Perhaps the most important thing I did today healthwise was to sign up for Individualized Health Planning (IHP) sessions, which is part of the university's Health in Action program. I'd been reluctant to after my experience two years ago with the over-the-phone "wellness consultants" that came out of having filled out the health questionnaires we'd been sent the prior winter. The over-the-phone folks were well-meaning & enthusiastic, but they also seemed to be going from a script that I wasn't quite adhering to. For example, I'd tell them I was prediabetic, they'd start telling me the conventional American Diabetes Association-style advice about nutrition, I'd counter with the information that in my opinion that the ADA is making people sicker with that advice because of its emphasis on high carbs high carb high carbs, & the phone consultant at that point wouldn't quite know what to do. Basically, I was doing a lot of research on my own about what I should be eating & when (as can be seen from this blog), & how I should be exercising, & they weren't quite able to keep up with me. I didn't get the impression that they were knowledgeable beyond a very basic course on standard conventional health/nutrition advice. They had the demeanor of college kids doing a job for extra pocket money. The calls became chores for me more than anything that actually helped me.

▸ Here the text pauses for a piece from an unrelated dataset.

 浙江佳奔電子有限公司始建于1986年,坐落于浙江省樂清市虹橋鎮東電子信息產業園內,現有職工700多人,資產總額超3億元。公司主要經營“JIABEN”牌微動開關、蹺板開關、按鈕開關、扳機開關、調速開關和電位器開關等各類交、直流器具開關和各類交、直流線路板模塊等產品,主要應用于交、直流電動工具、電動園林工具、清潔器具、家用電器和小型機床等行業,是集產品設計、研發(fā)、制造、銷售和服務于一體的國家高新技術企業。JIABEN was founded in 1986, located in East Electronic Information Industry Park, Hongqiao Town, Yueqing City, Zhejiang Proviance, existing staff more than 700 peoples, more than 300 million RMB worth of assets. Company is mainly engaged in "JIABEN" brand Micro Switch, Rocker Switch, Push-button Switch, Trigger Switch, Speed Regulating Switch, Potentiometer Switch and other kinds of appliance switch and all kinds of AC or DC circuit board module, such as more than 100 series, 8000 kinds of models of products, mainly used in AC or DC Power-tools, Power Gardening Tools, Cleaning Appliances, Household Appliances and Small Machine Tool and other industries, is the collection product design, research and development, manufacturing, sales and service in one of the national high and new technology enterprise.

But the IHPs are face-to-face with people with names & qualifications that we can actually read about. The person I'll be seeing, for example, is a nutritional educator with a Masters in nutrition from Bastyr University. In fact, if I'm not mistaken, she's someone my naturopath suggested to me a couple of years ago when I ran into her at Natural Pantry — someone who knows a lot about nutrition for diabetes & insulin resistance, & something tells me it won't be the standard ADA high carb advice. Aside from that, other people who've already been to IHP's have said some pretty good things about it. I've got to give credit to the university for working to get it right for employee health.
So I feel pretty good about signing up. My initial session will be in a couple of weeks.

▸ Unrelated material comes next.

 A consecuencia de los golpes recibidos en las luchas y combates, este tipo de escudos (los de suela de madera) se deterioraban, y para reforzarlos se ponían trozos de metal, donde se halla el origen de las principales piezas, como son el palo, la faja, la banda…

When I got home tonight, I knew I'd find waiting for me the Bowflex SelectTech dumbbells & weight bench I'd ordered, which Jesse (my partner's nephew) had accepted delivery on earlier today. But seeing as I needed sleep, I intended not to unpack them until I got done with my scheduled Turbulence Training workout. Alas, I had no choice, because the boxes filled my bedroom. No choice but to open 'em, get the stuff out & move it out of the way, & take the stryofoam packing material to the garbage & the broken-down boxes out to my car for a trip to the Recycling Center this weekend. Okay, so it got me a few extra steps.
And then the workout (30 minutes bodyweight & dumbbell exercises, rowing warmup, rowing HIIT intervals 3x1:00/1:00r, rowing cooldown). And then dinner. And in a minute, to bed.
Progress today: With rowing, walking, & strength training (& my cool drink of water), I accumulated 17,834 steps or their equivalent. Cumulatively, I've done 65,180 steps or their equivalent, bringing my on my expedition to Everest into the village of Phakding.


1 comments:
I also found the phone health consultants a chore/pain. I've seen my health consultant and feel a lot better about this face to face work. Plus it is more of incentive when you have to see the person.